Михаил Лермонтов: Боль и грезы. Очерк по вершинной психологии (18)
12 октября, 2020
АВТОР: Дмитрий Степанов
ПРОДОЛЖЕНИЕ. НАЧАЛО — ЗДЕСЬ. ПРЕДЫДУЩЕЕ — ЗДЕСЬ.
На первом же петербургском балу по окончании юнкерской школы Михаил Лермонтов встретил свою середниковскую возлюбленную Екатерину Сушкову. Былые чувства возгорелись в нем с новой силой. Во время танцев поэт объяснил девушке свое появление на светском вечере тем, что он наконец произведен в офицеры и отныне достоен ее внимания: “… я поспешил похвастаться перед вами моим гусарским мундиром и моими эполетами; они дают мне право танцевать с вами мазурку; видите, как я злопамятен, я не забыл косого конногвардейца, оттого в юнкерском мундире я избегал случая встречать вас; помню, как жестоко вы обращались со мной, когда я носил студенческую курточку”.

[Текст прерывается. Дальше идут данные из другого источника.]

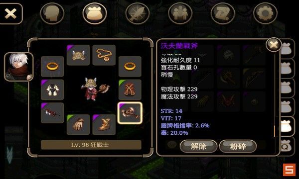 歌颂黑暗的禁书 LV 93沃夫兰战斧(毒斧头 )天使之盔倚天剑(暴率暴伤单手剑 )古代变种毒蜘蛛 LV 94亡者的斗篷破灭之牙(毒属性匕首 原攻击力为145/159 不小心强化了= = )知识之冠背叛者的遗骸 LV 95智慧头巾斩灵之剑(双手剑 )破灭之火球(毒属性魔法球 , 喜欢打带跑虐死小王的应该蛮适合 我第一次玩的时候很爱这个 )无法控制的石巨人 LV 97斗士之盔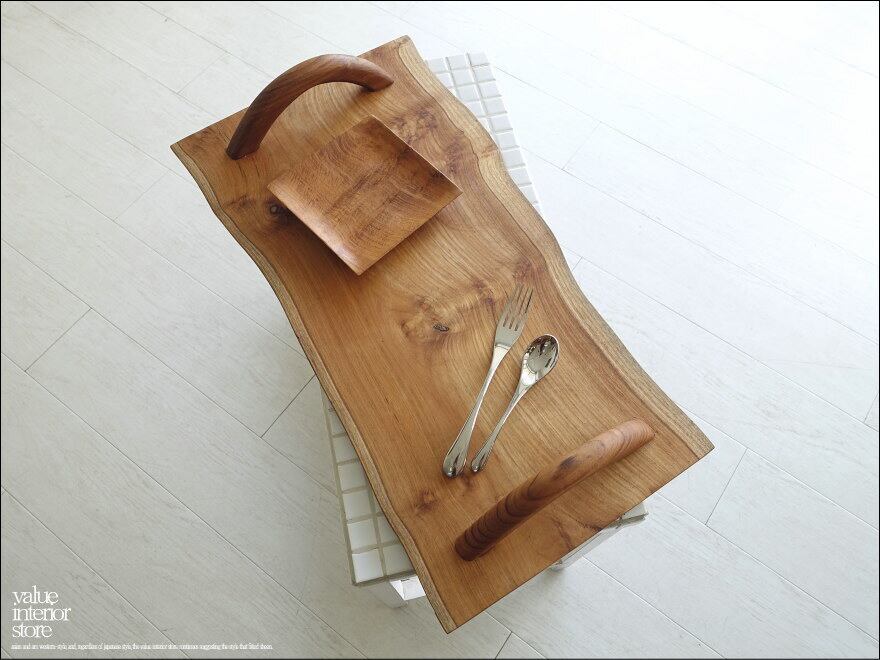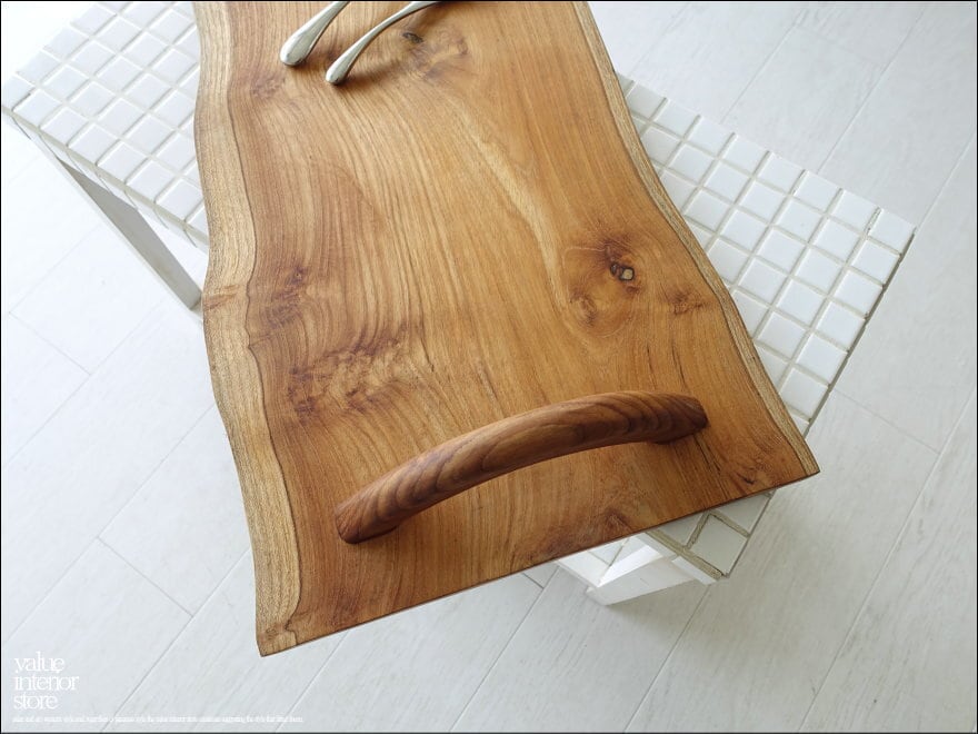 ナチュラルなチーク材の変化に富んだ形と木肌が素敵なサービングトレイ。個性的で自然な形を活かし魅力的に仕上がっています。ハンドメイドなられはの滑らかな仕上がりは職人の技術の高さが感じられます。表面はミネラルオイルで(ライム油・大豆油・チョウジ油・ナツメグ油)で仕上げています。柔らかな質感が魅力で手になじみます。

Последовавшая за этой завязкой интригующая любовная история, выстроенная по лучшим канонам романтического жанра, полна удивительных противоречий и парадоксов (как, впрочем, и вся жизнь Лермонтова). Удивительней же всего в ней то, что все эти парадоксы в литературоведении не то что не акцентированы — даже не замечены. Принято считать вслед за самим поэтом и его пассией, что в ту петербургскую зиму 1834 года Лермонтов “отомстил” легкомысленной кокетке за ее насмешки в адрес восторженного мальчика, посвящавшего ей стихи. “Отомстил”, хладнокровно сыграв на ее чувствах, расстроив ее брак с Алексеем Лопухиным.

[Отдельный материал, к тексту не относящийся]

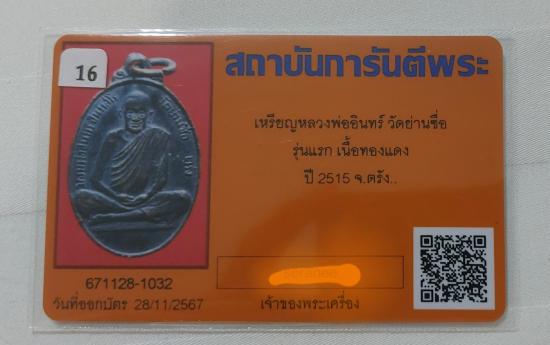 เหรียญหลวงพ่ออินทร์ รุ่นแรก (บล็อกนิยมไม่ยืด) ปี ๑๕ วัดย่านซื่อ จ.ตรัง #พร้อมบัตร #พระสภาพผิวหิ่งเดิมๆ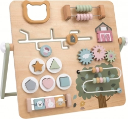Ta montessoriańska drewniana tablica motoryczna z motywami farmy oferuje dzieciom szeroką gamę interaktywnych elementów: obrotowe zębate kółeczka, przesuwne elementy, koralikowy i druciany labirynt, małe liczydło oraz klocki do sortowania kształtów. Wszystko jest przejrzyście rozmieszczone i wykonane z wysokiej jakości materiałów dla bezpiecznej i długotrwałej zabawy.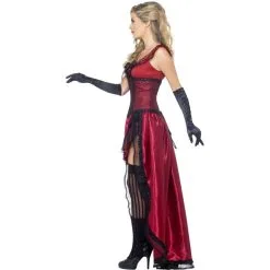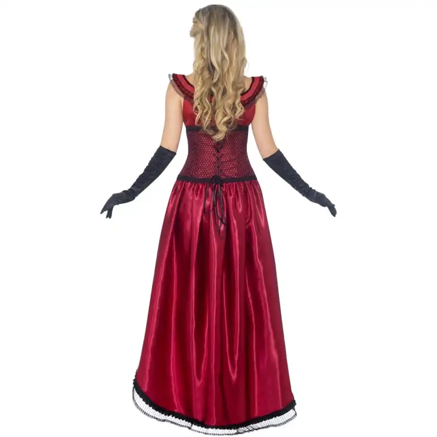 DĂ©guisement Western, pour femme, composĂ© d’une magnifique robe rouge et noire et d’un corset assorti. Le jupon de la robe est court devant et long Ă l’arrière. e tout est ornĂ© de volants, de dentelles et d’un unique noeud. Ajoutez-y des gants et des bas et vous voilĂ femme de saloon typiquement Western. Vous pourrez choisir la taille de la tenue lors de la commande, entre un S, M ou L.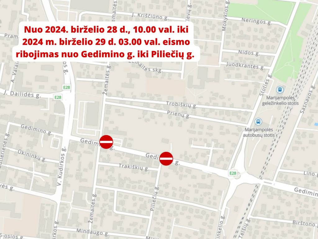 Marijampolės savivaldybės administracija praneša apie laikinus eismo ribojimus Marijampolės Gedimino–Piliečių gatvių atkarpoje.

С Катрин Сушковой все предельно очевидно — она просто не поняла, что с ней произошло в тот злополучный декабрь. Воспринимать же слова Лермонтова о флирте с петербургской кокеткой столь прямолинейно было крайне неосторожно. У этого Мастера противоречий всегда нужно искать подтекст, его истина — всегда между строк.
Они встретились 4 декабря. 23 декабря, когда любовная интрига приблизилась к своему апогею, Лермонтов писал Марии Лопухиной: “Эта женщина — летучая мышь, крылья которой цепляются за все встречное! Было время, когда она мне нравилась; теперь она почти принуждает меня ухаживать за ней… но, не знаю, есть что-то в ее манерах, в ее голосе жесткое, отрывистое, надломленное, что отталкивает; стараясь ей нравиться, находишь удовольствие компрометировать ее, видеть ее запутавшейся в собственных сетях”. Как будто все очевидно, но даже в этом “прямом” высказывании Лермонтова звучит характерное для него “но не знаю”. Письмо Лопухиной написано его “духом сомнения”, “духом безочарования”, и оно отнюдь не отражает всего спектра его чувств к Сушковой.

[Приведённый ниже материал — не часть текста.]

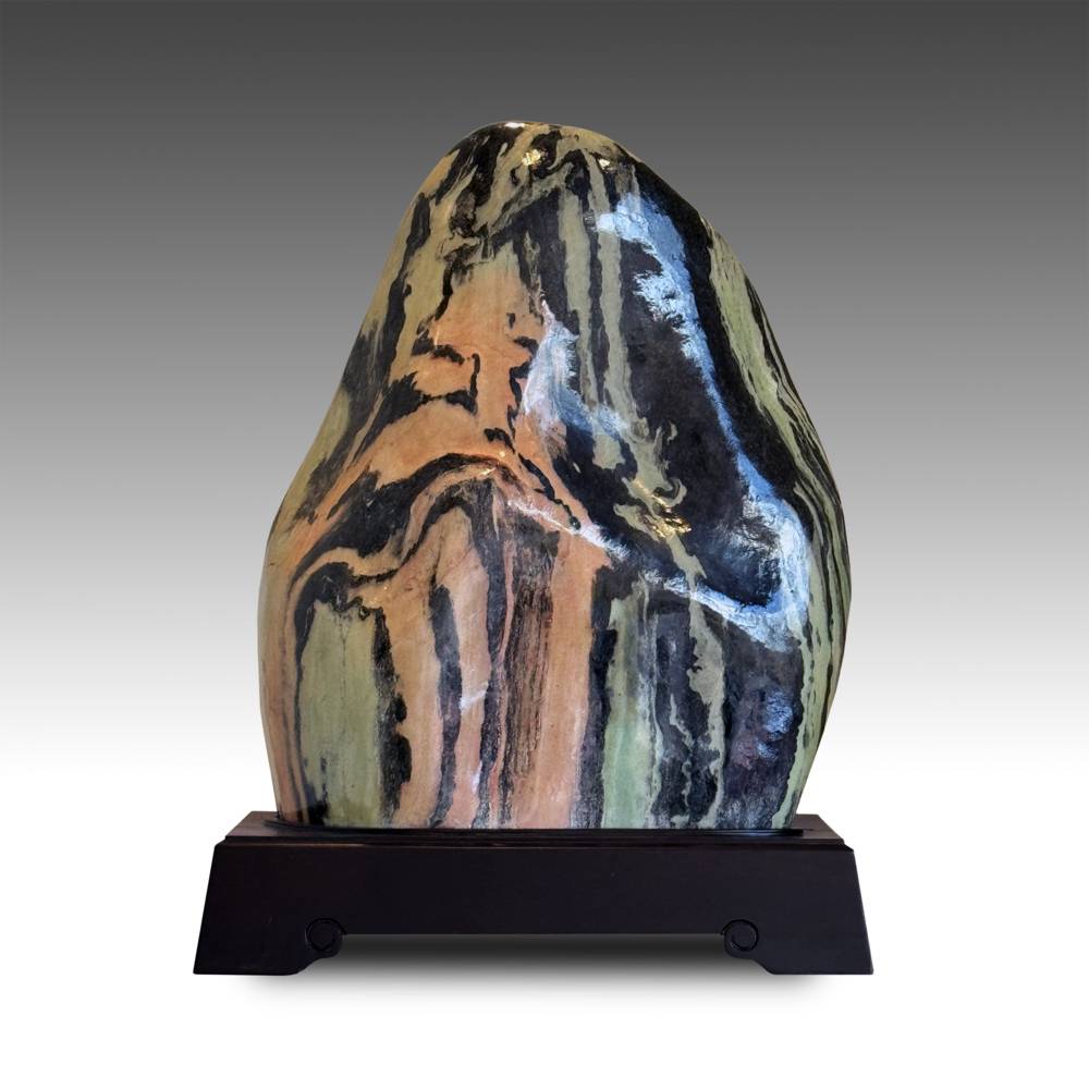 Xiu Yu (Elegant Jade) Stone on Hardwood Base

В “Герое нашего времени” поэт наделил Печорина знаменательной душевной особенностью, присущей ему самому: “Во мне два человека: один живет в полном смысле этого слова, другой мыслит и судит его…” Один жаждет любви и счастья и с головой окунается в страсть; другой терзаем вечным сомнением (“Я люблю сомневаться во всем”) и подозрением во всякой ценности (в каждом прекрасном чувстве) некоего подвоха (в любви, например, — расчета).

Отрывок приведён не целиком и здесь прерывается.